For this exercise, return all the data word for word, with images left out.

Information shown:
■ ■ ■ ■ ■
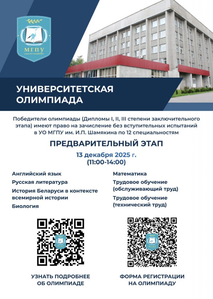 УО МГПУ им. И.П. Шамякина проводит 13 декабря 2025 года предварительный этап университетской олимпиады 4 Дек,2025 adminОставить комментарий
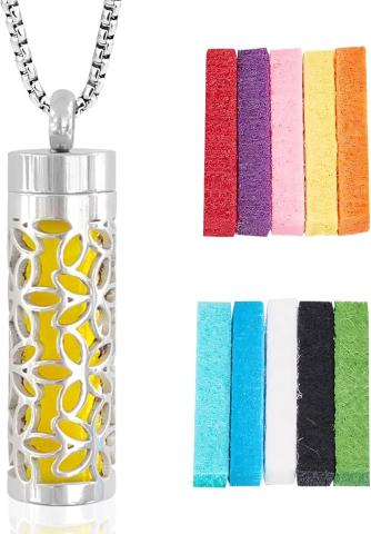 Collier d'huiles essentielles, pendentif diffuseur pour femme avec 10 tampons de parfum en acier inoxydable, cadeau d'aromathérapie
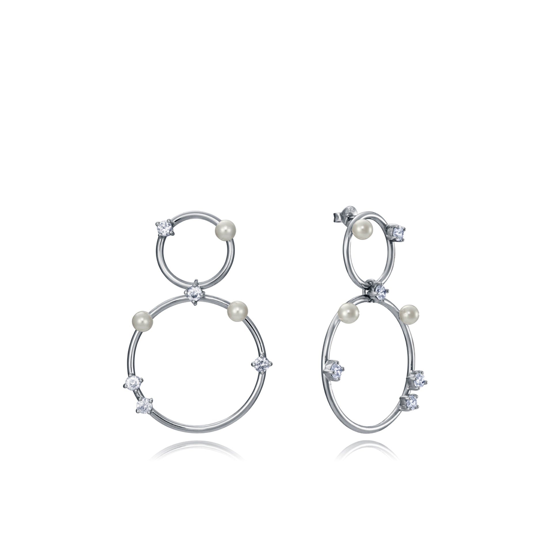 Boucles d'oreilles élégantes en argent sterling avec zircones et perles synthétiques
■ ■ ■ ■ ■
Task answer:
 УО МГПУ им. И.П. Шамякина проводит 13 декабря 2025 года предварительный этап университетской олимпиады 4 Дек,2025 adminОставить комментарий
 Collier d'huiles essentielles, pendentif diffuseur pour femme avec 10 tampons de parfum en acier inoxydable, cadeau d'aromathérapie
 Boucles d'oreilles élégantes en argent sterling avec zircones et perles synthétiques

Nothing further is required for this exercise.